▸ REQUIREMENT
The copy you produce must hold every record exactly, and none of the images.

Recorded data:
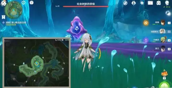 3、然后我们需要完成三处解密,第一处是北方,和蓝色石柱交互获得异色球球章鱼的力量,点击T键(电脑端)改变战技,攻击菌毯。
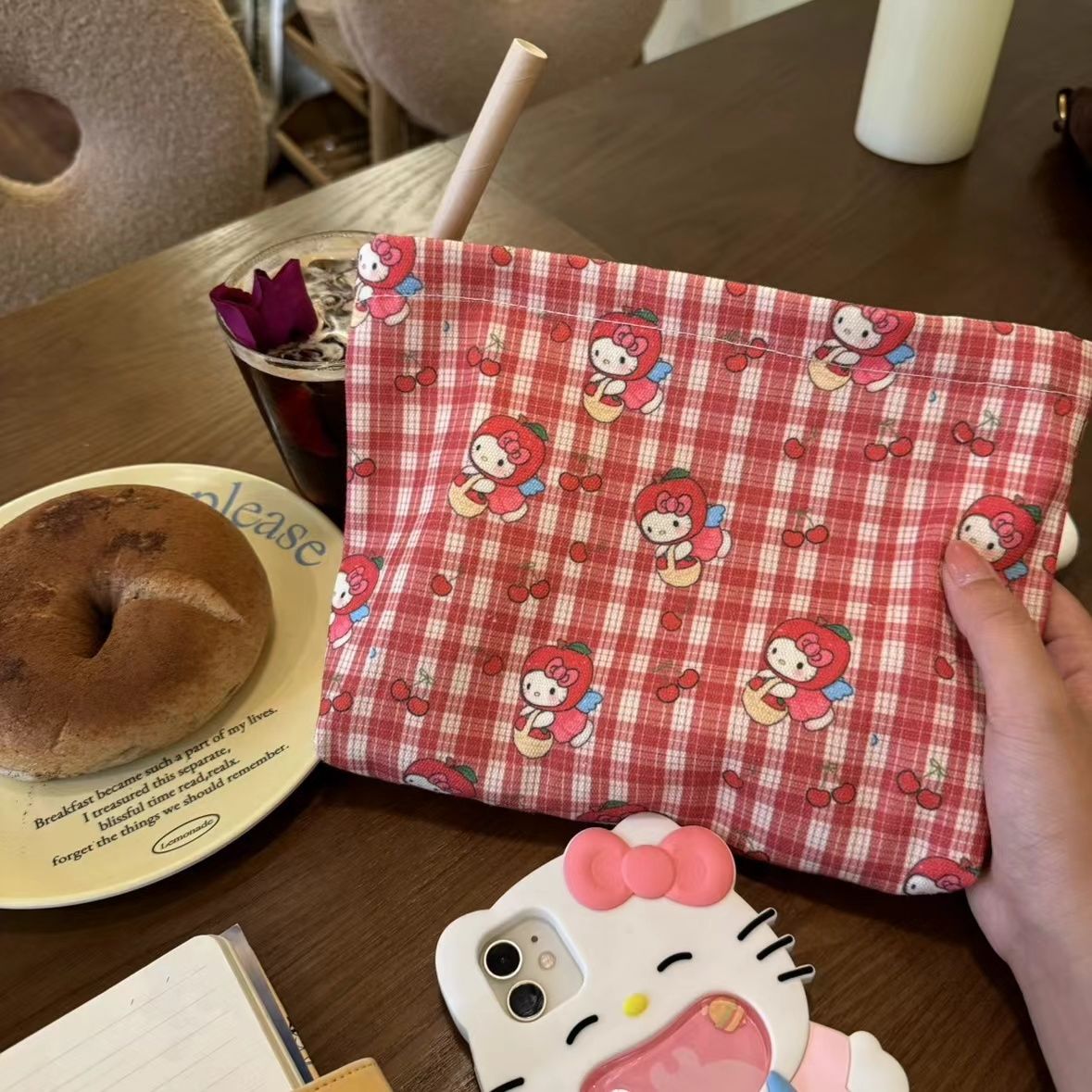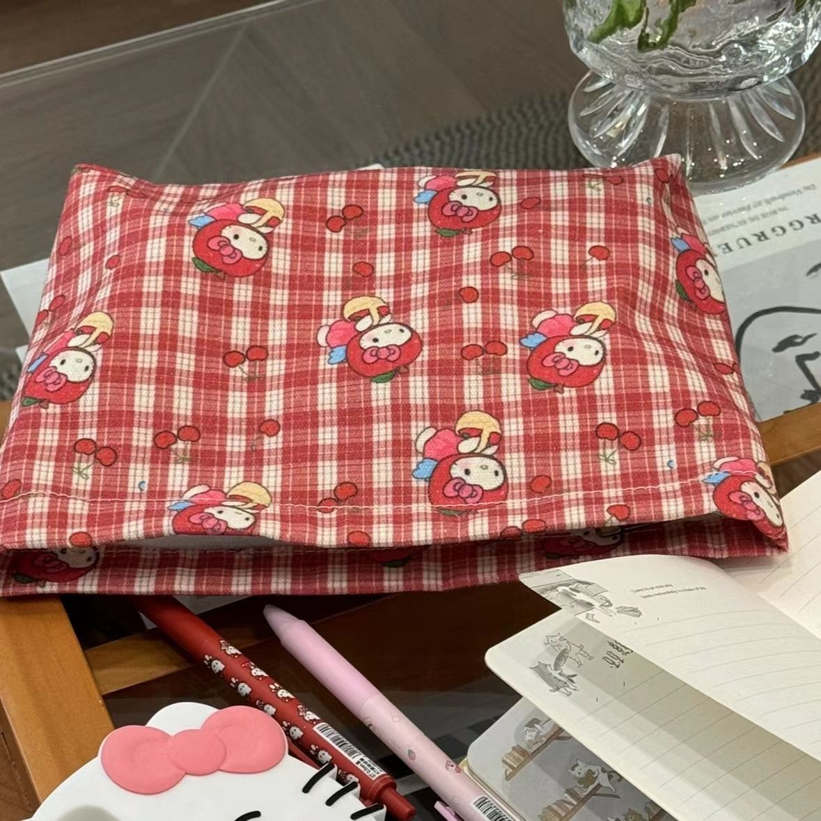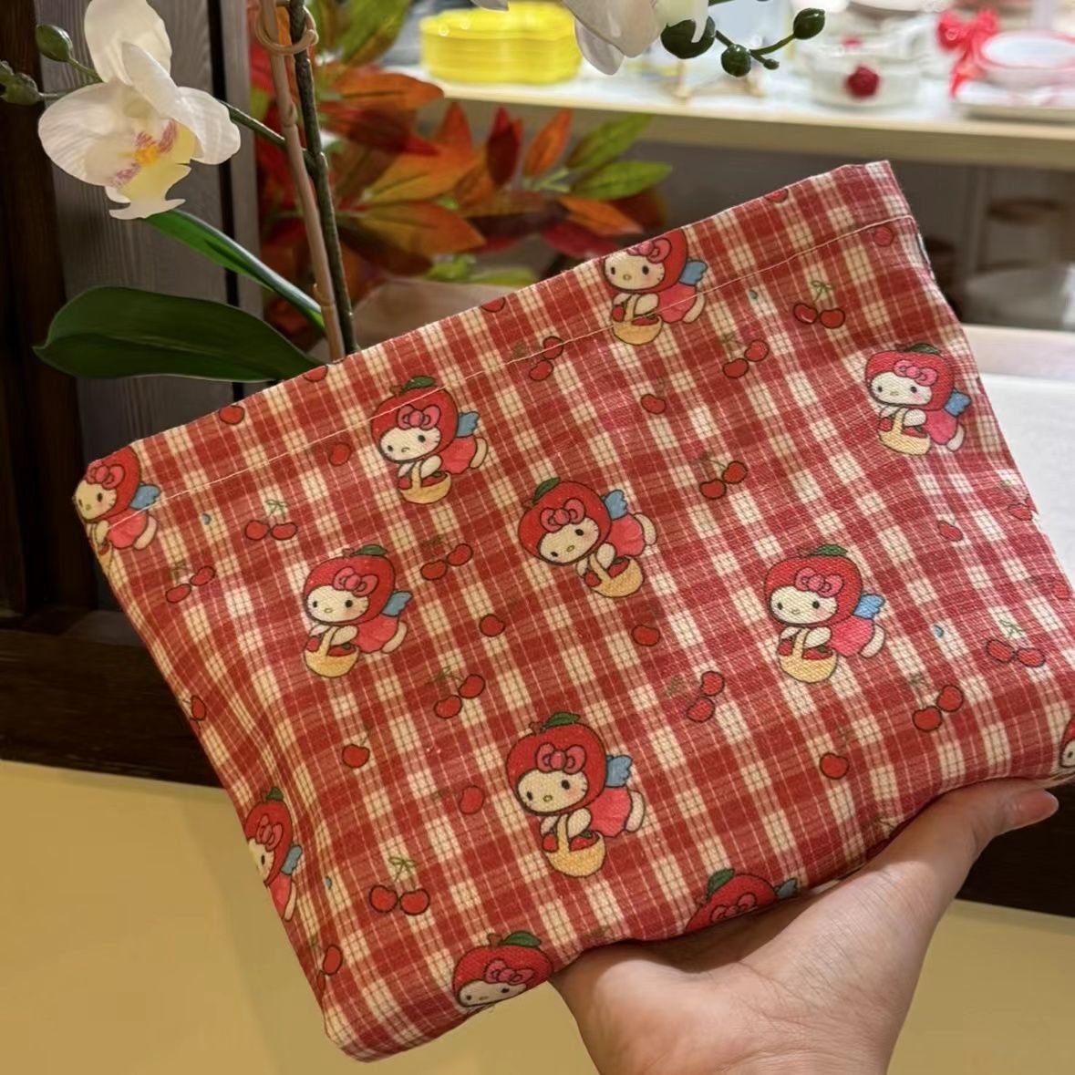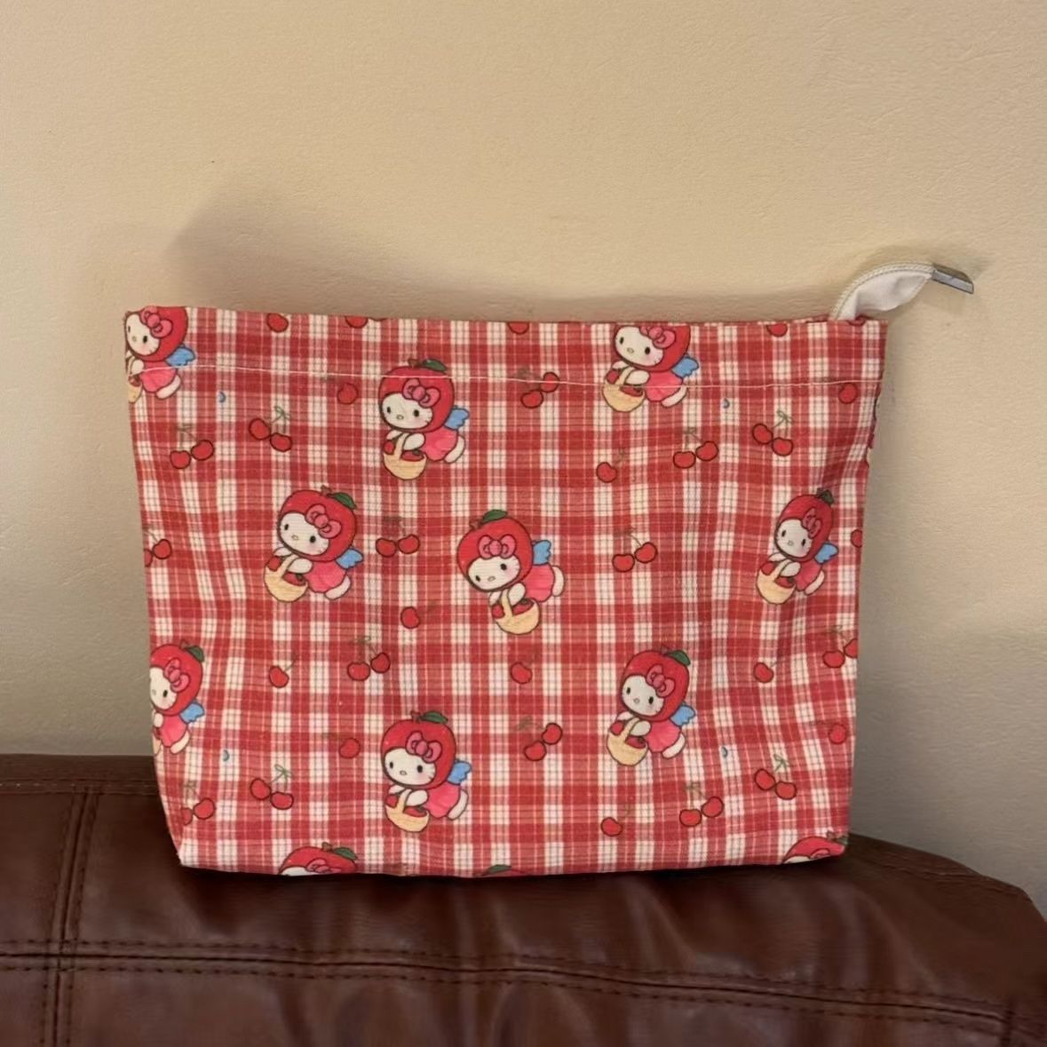 • 화장품 가방 레드 체크 키티
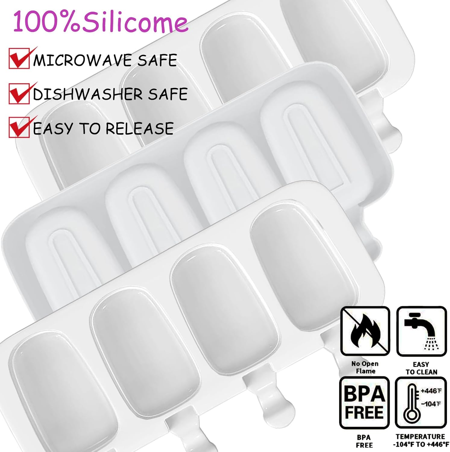 - 【Food-Grade Silicone】 These popsicle molds are made of high quality food-grade silicone. The silicone is soft and the surface of the mold is smooth. Silicone molds are designed to withstand both high and low temperatures ranging from -104 ℉ to +446 ℉(-40℃ to +230℃) .
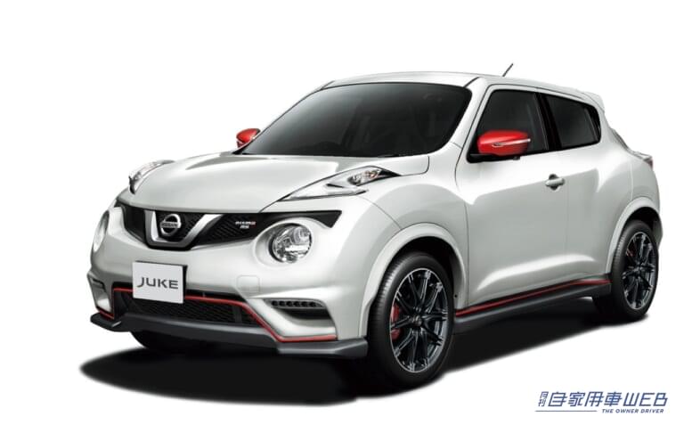 2013年2月に「ジュークNISMO」を発売。モータースポーツで培われた専用エアロを含む内外装の変更に加えて、1.6Lターボが200PS仕様に出力向上。専用サスの設定のほか、エクストロニックCVTも7速タイプに進化している。価格は285万750円。
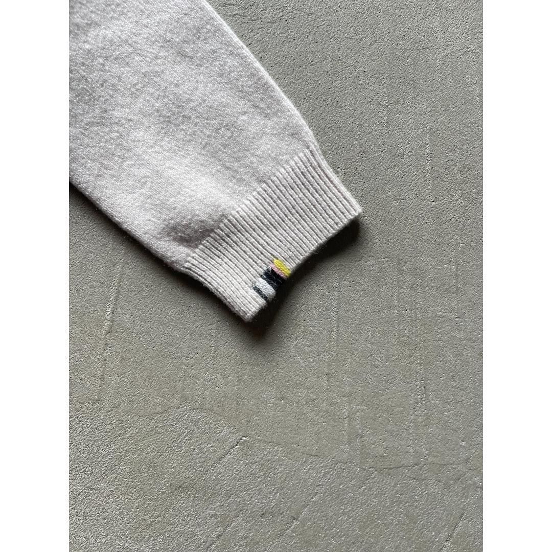 袖は長めで、襟元・袖口・裾はリブ編み仕上げ。ミニマルながら存在感のある一着です。
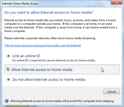 Next, switch back to Windows Media Player and click Allow Internet access to home media.

▸ ANSWER TO THIS EXERCISE
 3、然后我们需要完成三处解密,第一处是北方,和蓝色石柱交互获得异色球球章鱼的力量,点击T键(电脑端)改变战技,攻击菌毯。
 • 화장품 가방 레드 체크 키티
 - 【Food-Grade Silicone】 These popsicle molds are made of high quality food-grade silicone. The silicone is soft and the surface of the mold is smooth. Silicone molds are designed to withstand both high and low temperatures ranging from -104 ℉ to +446 ℉(-40℃ to +230℃) .
 2013年2月に「ジュークNISMO」を発売。モータースポーツで培われた専用エアロを含む内外装の変更に加えて、1.6Lターボが200PS仕様に出力向上。専用サスの設定のほか、エクストロニックCVTも7速タイプに進化している。価格は285万750円。
 袖は長めで、襟元・袖口・裾はリブ編み仕上げ。ミニマルながら存在感のある一着です。
 Next, switch back to Windows Media Player and click Allow Internet access to home media.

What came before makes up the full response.